At 10:00 a.m. on a sunny Tuesday morning, I felt like I was part of something. I felt important. I felt connected.

As I walked back to my office, I couldn’t shake the sense of pride. I passed a group of women, giggling and perusing each other’s photos. One screamed: “I was jumping up and down like I saw Michael Jackson!”

I laughed!

Isn’t it true, though? Today we all became one. There was no race, no religion, no economic class, no social status. We all stood, elbow to elbow, staring up at the sky. We all became children again.

As for me, the 5-year-old Ruthie was out in full force. I distinctly remember sitting in Mrs. Whiting’s kindergarten class, a room full of little eyes glued to the television screen as we watched the mighty Space Shuttle Challenger blast off. And I remember a room full of scared little eyes as we watched the shuttle break apart just 73 seconds after lift off. Today these memories flood back.

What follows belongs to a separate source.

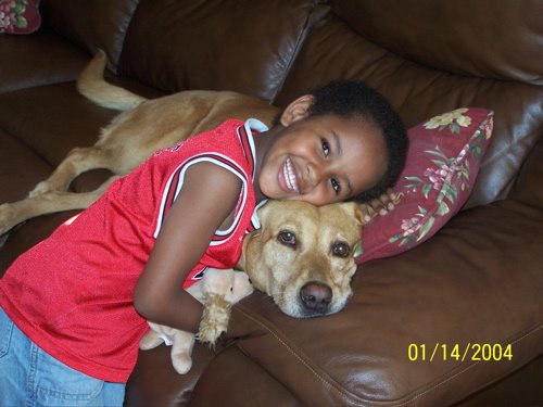 Trysten with his woosha (dog).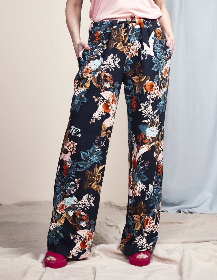 Kuminanauhavyötäröiset kukikkaat trikoohousut.

Not far behind is 7-year-old Ruthie, whose second grade teacher, Mrs. Duane, had been one of the semi-finalists for President Reagan’s Teacher in Space Program — the winner of which would be the first civilian to travel to space. As you know, she didn’t win, but she knew the teacher who did — Christa McAuliffe. The effect it had on Mrs. Duane was palpable. Even as a little girl, I remember the sadness in her eyes as she talked about that shuttle mission, about Christa. I remember sitting — every single day — in a circle and eating astronaut ice-cream as we listened to Mrs. Duane repeat the story over and over again. That mission even affected me, you see — because I spent so much of second grade talking about the Challenger, that to this day I still have trouble remembering what 9×8 is.

But today I didn’t think about multiplication tables. Today I didn’t think about work (although I do have to run to a three-hour meeting after this lunch break). Today I thought about my childhood. I thought about the children around me. I thought about the adults, acting like children as we all screamed and clapped and laughed.

We need more moments like this. We need to drop our briefcases, our schedules and our stress at the door. We need to roll around in the grass, point to the sky and yell: “AWESOME!” If we can do that, we might start experiencing life again.